The role of technology
Given the lengths of some pipelines, new technology has been a logistical boon for contractors, according to Pyatt. Software can ensure that materials are delivered on time and that current progress is keeping pace with the planned schedule.
Drones, he said, can monitor construction as well with thermal and spectral imaging from start to finish. Of course, like any other construction project, a major challenge for contractors during pipeline construction is logistics. "It’s making sure people and materials show up to the job at the same time," Pyatt said.
Once construction is complete and maintenance crews take over, that's when technology becomes key, according to Pyatt. Most pipelines are required to use internal pipeline sensors for quick leak detection. Crews are typically on standby and are dispatched as soon as the data indicates a problem.
In addition, those same sensors can make sure that what goes in one end of the pipeline comes out the other. In some countries, it's not uncommon for unmanned sections of the pipeline to become targets for individuals who try to physically tap into the line to siphon off gas or oil for their own use, which can lead to an explosion along the line, according to Pyatt.

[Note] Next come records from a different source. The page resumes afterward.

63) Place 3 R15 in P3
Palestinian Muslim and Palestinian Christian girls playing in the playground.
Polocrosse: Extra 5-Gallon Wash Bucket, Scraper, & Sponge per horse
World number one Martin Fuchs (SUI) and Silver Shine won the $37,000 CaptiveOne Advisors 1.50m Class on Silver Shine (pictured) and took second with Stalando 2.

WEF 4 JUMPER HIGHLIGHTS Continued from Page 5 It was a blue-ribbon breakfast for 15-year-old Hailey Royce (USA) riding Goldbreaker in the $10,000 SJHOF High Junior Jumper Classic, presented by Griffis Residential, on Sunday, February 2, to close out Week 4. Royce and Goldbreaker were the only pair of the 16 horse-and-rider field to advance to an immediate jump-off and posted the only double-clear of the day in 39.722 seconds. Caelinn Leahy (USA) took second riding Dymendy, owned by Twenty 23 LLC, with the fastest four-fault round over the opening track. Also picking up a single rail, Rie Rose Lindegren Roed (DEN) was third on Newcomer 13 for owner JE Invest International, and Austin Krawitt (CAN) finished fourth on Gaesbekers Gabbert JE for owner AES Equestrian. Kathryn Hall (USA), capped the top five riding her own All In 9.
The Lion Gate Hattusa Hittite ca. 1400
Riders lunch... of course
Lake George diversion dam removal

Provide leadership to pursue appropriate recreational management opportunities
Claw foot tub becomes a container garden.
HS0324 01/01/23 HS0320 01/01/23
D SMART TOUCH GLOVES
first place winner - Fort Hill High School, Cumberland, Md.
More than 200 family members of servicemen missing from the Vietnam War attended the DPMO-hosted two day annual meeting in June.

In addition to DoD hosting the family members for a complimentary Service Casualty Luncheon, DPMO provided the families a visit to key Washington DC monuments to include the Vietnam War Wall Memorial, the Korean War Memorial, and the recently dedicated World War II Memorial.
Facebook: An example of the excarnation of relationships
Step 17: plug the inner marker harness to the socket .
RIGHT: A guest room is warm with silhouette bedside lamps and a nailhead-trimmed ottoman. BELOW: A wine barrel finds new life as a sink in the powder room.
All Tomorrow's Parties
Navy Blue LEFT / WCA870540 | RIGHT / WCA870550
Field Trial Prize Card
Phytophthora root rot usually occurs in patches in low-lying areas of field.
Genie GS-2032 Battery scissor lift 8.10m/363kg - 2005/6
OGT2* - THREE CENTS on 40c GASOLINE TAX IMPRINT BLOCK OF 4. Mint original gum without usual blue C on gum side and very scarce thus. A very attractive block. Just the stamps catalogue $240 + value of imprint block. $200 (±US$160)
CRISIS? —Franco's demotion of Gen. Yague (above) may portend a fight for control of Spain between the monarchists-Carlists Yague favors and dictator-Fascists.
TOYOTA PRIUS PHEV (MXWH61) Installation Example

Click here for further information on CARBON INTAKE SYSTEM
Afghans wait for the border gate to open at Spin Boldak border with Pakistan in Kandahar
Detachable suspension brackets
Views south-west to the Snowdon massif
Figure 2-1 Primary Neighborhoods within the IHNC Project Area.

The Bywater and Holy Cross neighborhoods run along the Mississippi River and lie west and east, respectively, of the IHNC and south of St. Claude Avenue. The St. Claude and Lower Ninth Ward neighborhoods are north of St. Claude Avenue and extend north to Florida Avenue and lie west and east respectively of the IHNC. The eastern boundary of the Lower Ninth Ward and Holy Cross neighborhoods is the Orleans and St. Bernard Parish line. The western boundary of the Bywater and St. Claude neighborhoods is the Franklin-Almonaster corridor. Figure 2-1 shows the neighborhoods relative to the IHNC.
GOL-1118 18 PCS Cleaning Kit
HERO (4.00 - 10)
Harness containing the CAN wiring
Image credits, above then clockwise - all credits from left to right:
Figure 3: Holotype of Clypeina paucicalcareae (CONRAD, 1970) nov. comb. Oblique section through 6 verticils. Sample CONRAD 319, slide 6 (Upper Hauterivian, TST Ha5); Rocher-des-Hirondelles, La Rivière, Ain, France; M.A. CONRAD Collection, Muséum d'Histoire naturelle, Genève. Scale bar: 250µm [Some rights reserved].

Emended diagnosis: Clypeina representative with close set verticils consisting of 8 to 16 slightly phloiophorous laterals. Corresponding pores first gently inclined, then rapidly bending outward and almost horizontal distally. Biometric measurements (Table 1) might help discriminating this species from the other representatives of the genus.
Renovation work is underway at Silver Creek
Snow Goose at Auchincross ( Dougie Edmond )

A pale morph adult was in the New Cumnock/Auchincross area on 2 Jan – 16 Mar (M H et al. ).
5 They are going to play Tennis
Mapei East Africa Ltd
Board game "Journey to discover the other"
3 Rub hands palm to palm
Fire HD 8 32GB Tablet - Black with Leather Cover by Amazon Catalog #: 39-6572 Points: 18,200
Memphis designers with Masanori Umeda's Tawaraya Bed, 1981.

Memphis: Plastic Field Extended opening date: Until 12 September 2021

The biggest challenge for future pipeline construction
Berry said the most significant obstacle for pipeline contractors on the horizon is a usual suspect — a shortage of skilled labor. During the Great Recession, pipeline construction workers found jobs in the oil and gas industry, taking with them the specialized knowledge of equipment operators, pipefitters and welders. Some have returned to the construction industry, but many have not, and sooner or later, demand will outpace supply.
The AGC has contacted the Trump administration about the need to prioritize and fund career training starting at the high school level as part of his ambitious plans for infrastructure construction and continues to bang the drum about the importance of creating a worker pipeline for the future.
Berry said the ultimate solution will likely come down to a combination of approaches, whether it's trying to lure workers from other sectors or appealing to young people. The biggest challenge, however, will be to create a fundamental shift in the way people view a career in construction. "Nobody has a silver bullet," he said.